TASK DETAILS: Please retype the listing below exactly as it stands, skipping any pictures.

DATA BLOCK:
++++++++++

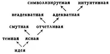 «Отчетливое познание имеет степени» (3, с. 88), и достижение более высоких из них требует дальнейшего разделения идей. Нужно отсеять «неадекватные идеи», в которых строгого перечисления всех признаков предмета достигнуть не удалось и которые познаются нами в спутанном, даже неполном виде. Зато в идее «адекватной» мы обладаем полным познанием в том смысле, что анализ отчетливо познаваемых нами признаков, например, некоторого числа доведен до осмысления и формулировки каждого из них (3, с. 40; 4, с. 233). Адекватному познанию, по мнению философа, свойственны всеобщность, строгая четкость и направленность на раскрытие возможностей вещей, т. е. диспозиций их развития. Делится же оно на два вида, из которых первый имеет дело с «символизируемыми» идеями, а второй — с идеями «интуитивными» (в смысле рациональной интуиции).
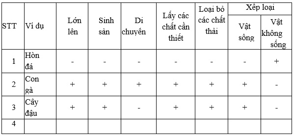 Dùng kí hiệu + (có) hoặc – (không có) điền vào các cột trôhg trong bảng sau cho thích hợp:
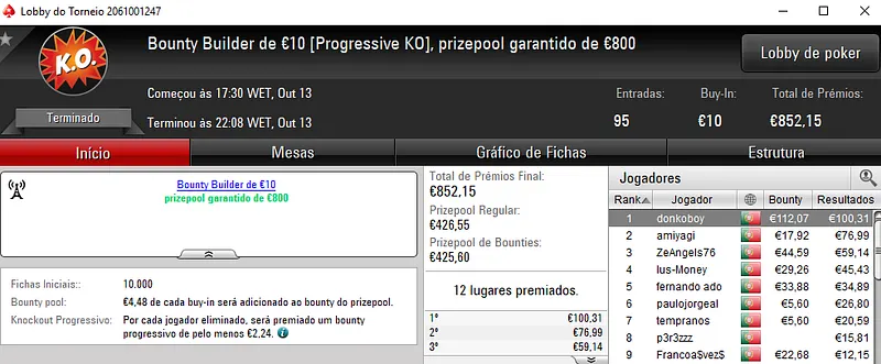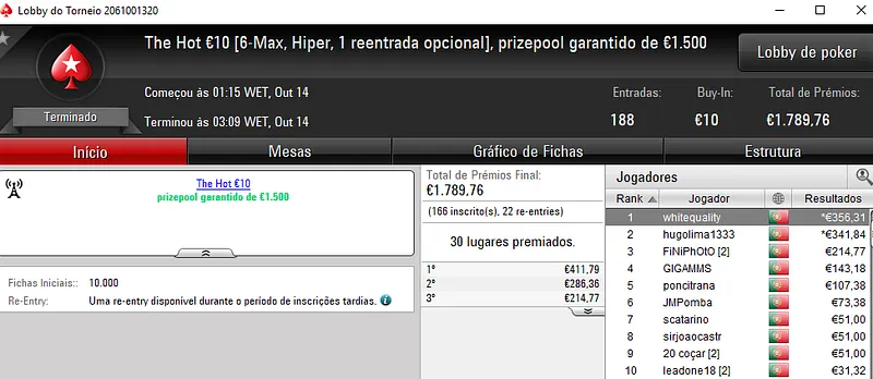 Susanch0 foi quem recebeu o maior prémio ao conquistar o The Hot BigStack Turbo €50. O torenio contou com 107 registos e para Susanch0 voaram €1,261 de prémio. Na segunda posição, amlfaria levou para casa €848, enquanto TR_farol encaixou €630 no terceiro posto.

++++++++++

TASK RESULT:
 «Отчетливое познание имеет степени» (3, с. 88), и достижение более высоких из них требует дальнейшего разделения идей. Нужно отсеять «неадекватные идеи», в которых строгого перечисления всех признаков предмета достигнуть не удалось и которые познаются нами в спутанном, даже неполном виде. Зато в идее «адекватной» мы обладаем полным познанием в том смысле, что анализ отчетливо познаваемых нами признаков, например, некоторого числа доведен до осмысления и формулировки каждого из них (3, с. 40; 4, с. 233). Адекватному познанию, по мнению философа, свойственны всеобщность, строгая четкость и направленность на раскрытие возможностей вещей, т. е. диспозиций их развития. Делится же оно на два вида, из которых первый имеет дело с «символизируемыми» идеями, а второй — с идеями «интуитивными» (в смысле рациональной интуиции).
 Dùng kí hiệu + (có) hoặc – (không có) điền vào các cột trôhg trong bảng sau cho thích hợp:
 Susanch0 foi quem recebeu o maior prémio ao conquistar o The Hot BigStack Turbo €50. O torenio contou com 107 registos e para Susanch0 voaram €1,261 de prémio. Na segunda posição, amlfaria levou para casa €848, enquanto TR_farol encaixou €630 no terceiro posto.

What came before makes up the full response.